Otra señal es impedir que la pareja trabaje o estudie, argumentando celos, desconfianza o “prioridades familiares”, cuando el efecto real es generar dependencia económica. A esto se suma exigir la ubicación en todo momento, una petición que hoy se disfraza de tecnología y seguridad, pero que en el fondo elimina la privacidad y el derecho a moverse con libertad.
Compartir fotografías íntimas sin consentimiento es otra conducta grave, hoy tipificada como violación a intimidad sexual, mayor mente conocida como “Ley Olimpia” y constituye una de las formas más dañinas de control, porque utiliza la intimidad como instrumento de amenaza. Otra forma muy común y dañina en quede manifiesta la violencia es humillar frente a otras personas, ya sea en reuniones familiares, en el trabajo o en redes sociales, tiene como propósito quebrar la seguridad de la víctima frente a su entorno social, aislándola progresivamente.
Estas conductas comparten un elemento común, pues buscan reducir la autonomía de la otra persona bajo la apariencia de cuidado, celos o amor. Es fundamental entender que los celos no son una prueba de amor, sino una forma de control, la preocupación auténtica respeta los límites, mientras que cuando una persona intenta controlar a su pareja la invade.

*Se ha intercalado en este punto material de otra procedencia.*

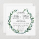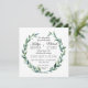 NOTA: OS CONVITES QUADRADOS EXIGEM PLACAS RSVP DE 1/2" X 5" DE TAMANHO - o tamanho maior não será ajustado nos envelopes. As folhas de louros pintadas a aquarelas em tons suaves de verde são entrelaçadas como seus corações - e suas famílias. Use para um cenário rústico de celeiro, um quintal debaixo das árvores, ou um local de fazenda ou parque. Um conjunto completo de convites para o casamento e uma coleção estão disponíveis para combinar.
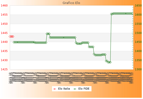Elo FIDE: 1607    Migliore: 1607  (Dicembre 2025)    Peggiore: 1340  (Dicembre 2023)
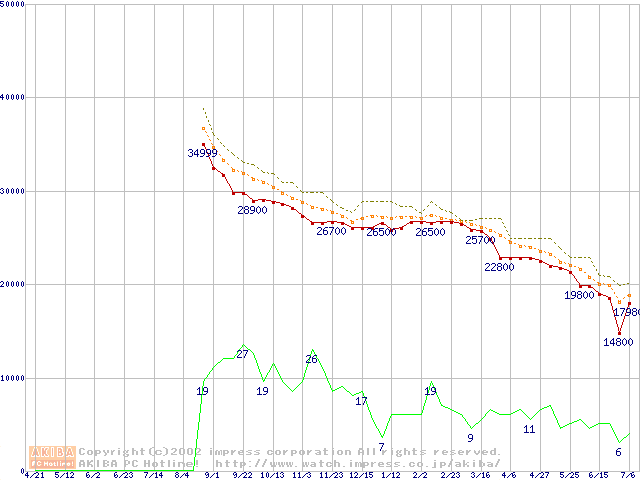 WD Caviar (7200rpm,UltraATA/100,2MB)の最安値推移
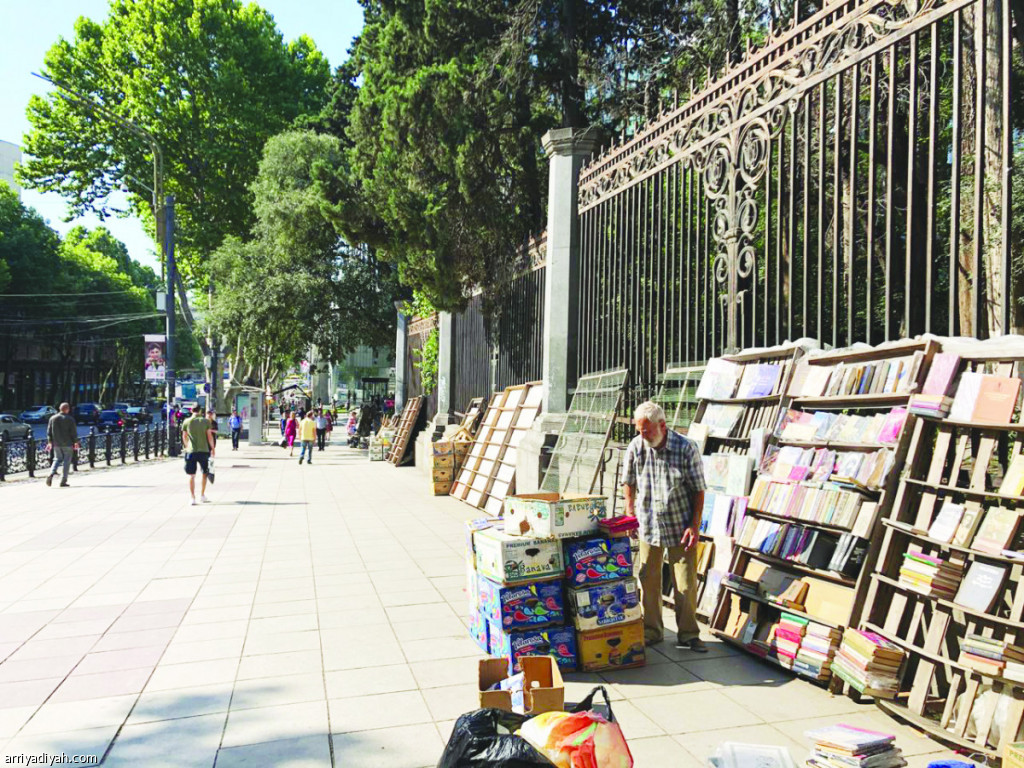 صورة التقطت لرومان يعرض كتبه المستعملة على أحد أسوار العاصمة الجورجية (الرياضية)

Identificar estas señales no significa culpar a quien las vive, sino dotar a la sociedad, y en particular a las mujeres de herramientas para reconocer patrones antes de que se conviertan en violencia física. La detección temprana permite actuar a tiempo, hablarlo con alguien de confianza, buscar acompañamiento psicológico, acudir a instancias especializadas o simplemente detener la relación antes de que el vínculo se vuelva más difícil de romper.
Como especialistas, sabemos que el aislamiento es el mejor aliado de quien ejerce violencia, por eso, mientras más se hable de estas señales en la familia, en la escuela, en el trabajo y en los medios, más difícil será que sigan pasando desapercibidas.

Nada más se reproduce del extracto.